Yes, the Hand has no shortage of ninja henchmen and expensive real estate, but what are they doing with any of it? Ripping out dragon bones and incidentally destroying New York City seems like it's on the level of a working brunch for an organization of this scale, not the sum of their ambitions, except to see them onscreen, they seem to have very few ambitions.
What made Colonization on the X-Files compelling: it declared that Americans would soon be on the receiving end, from aliens, what European settlers had inflicted upon Indigenous peoples via the alien colonists.
What metaphor might there have been for the Hand?
To me, Daredevil's defining dialogue is when Fisk beats him into the ground, ranting, "This city doesn't deserve a better tomorrow! It deserves to drown in its own filth!"
Daredevil replies, "This is my city.
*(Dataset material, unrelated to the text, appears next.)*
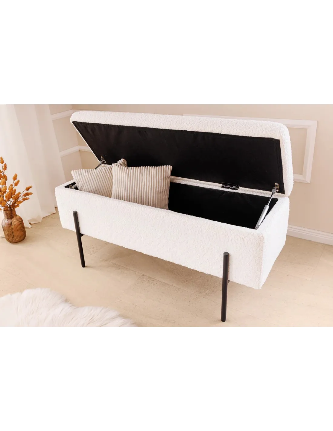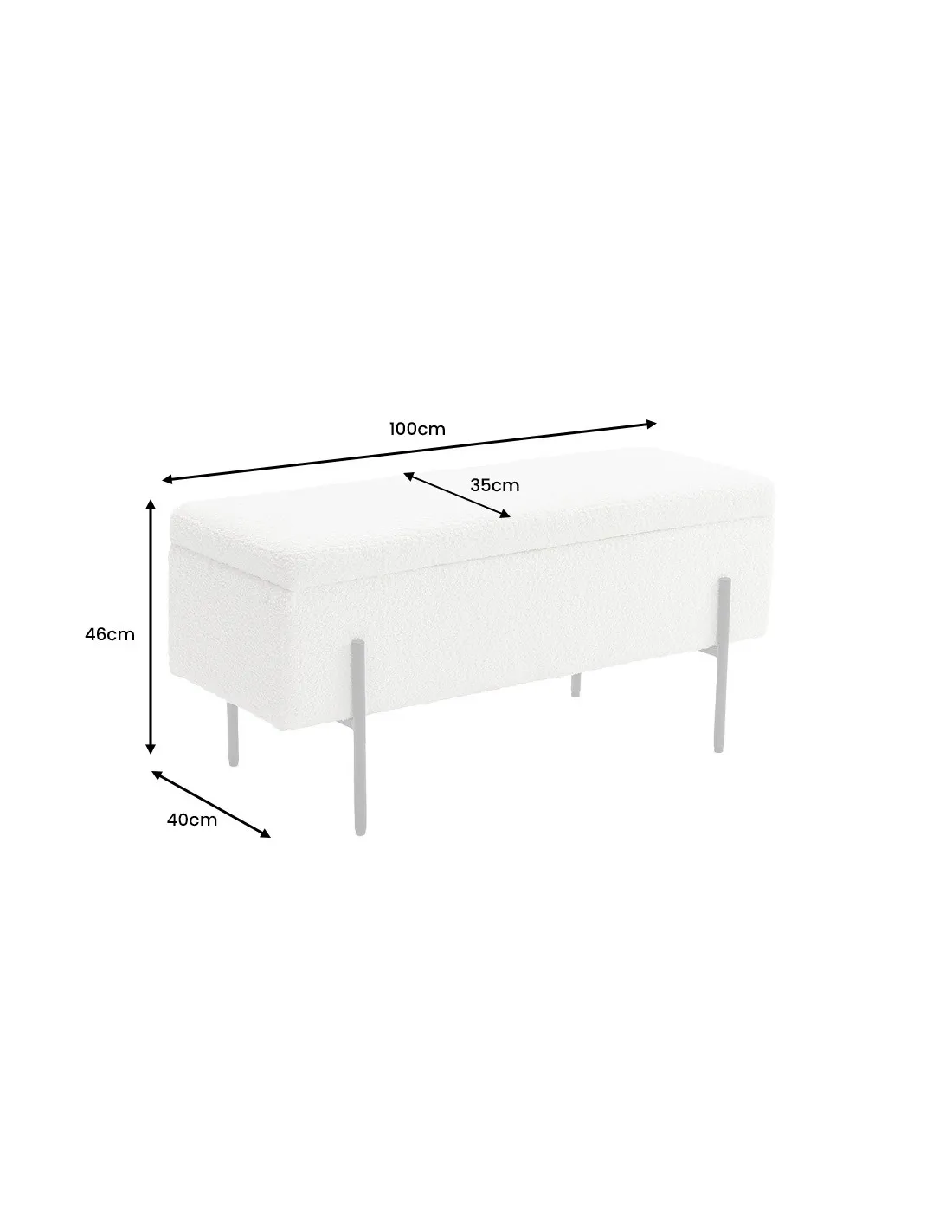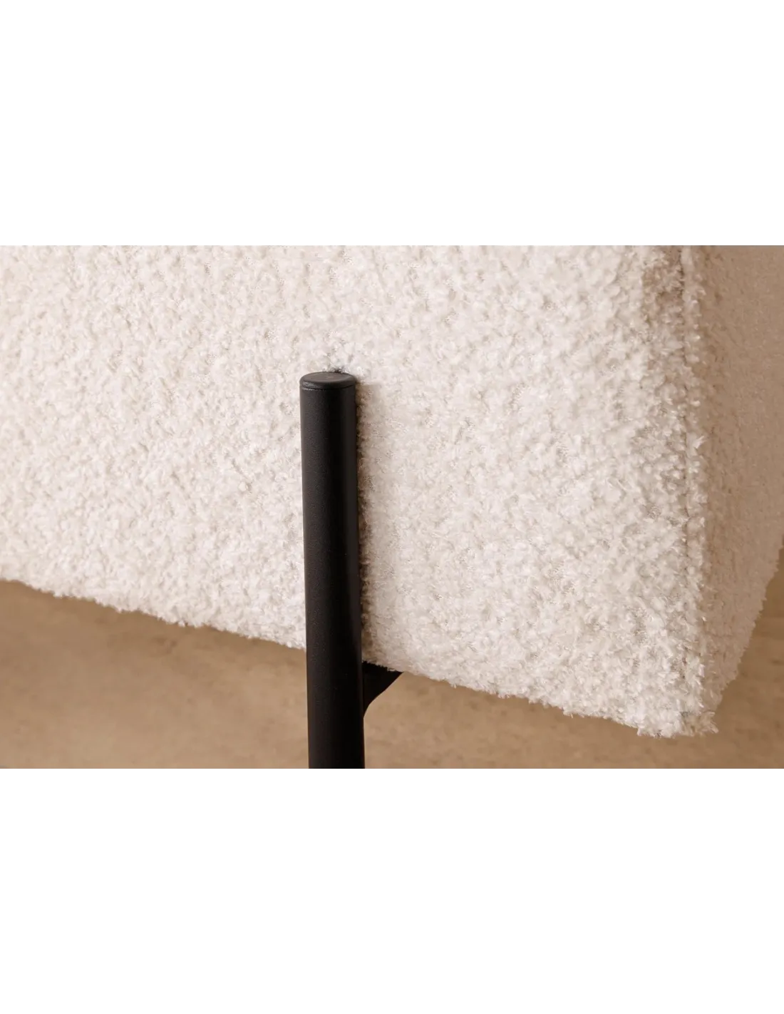 Banc SCARLETT 100 cm en bouclé blanc et métal noir – Élégance et praticité pour votre intérieur

My family."
So I think -- I would want the Hand to be the opposition of Daredevil's philosophy, where as far as they're concerned, New York City only exists for them as part of their machine. I guess, if we have to stick with the plot: all the industry and pollution (and nuclear waste?) of New York City has been deliberately guided by the Hand over the years to create chemical reactions to make the dragon body more volatile and powerful and, when extracted, it'll create an explosive chain reaction beneath the city.
The Hand leaders find merely walking on the streets of New York City to be intolerable and look forward to how after a few centuries, what was once the city will become a natural landscape. They both look down upon the common people while seeding their self-destruction. The Hand are hastening the reactions and sending their most expendable and devoted to create a pipeline that, upon extraction, will cause an underground collapse.
The Hand also offer the Defenders a deal to comply. Matt is offered the resurrection of his father. Luke is offered evacuation for his social circle in Harlem. Jessica is offered the chance to have her memories of Killgrave erased and to live without grief and pain. Danny is offered the chance to return to K'un Lun, resurrect everyone the Hand killed and rule it on their behalf.
I assume the they're all extremely tempted despite their consciences until Frank Castle shoots down every Hand representative, at which point Matt grudgingly thanks Castle.
MATT: "I was seriously about to cave, Frank."
FRANK: "I know you were, Red. You're only human. You going to have any issue with me taking out half the room?"
MATT: "This is some sort of death and resurrection cult, so... probably fine."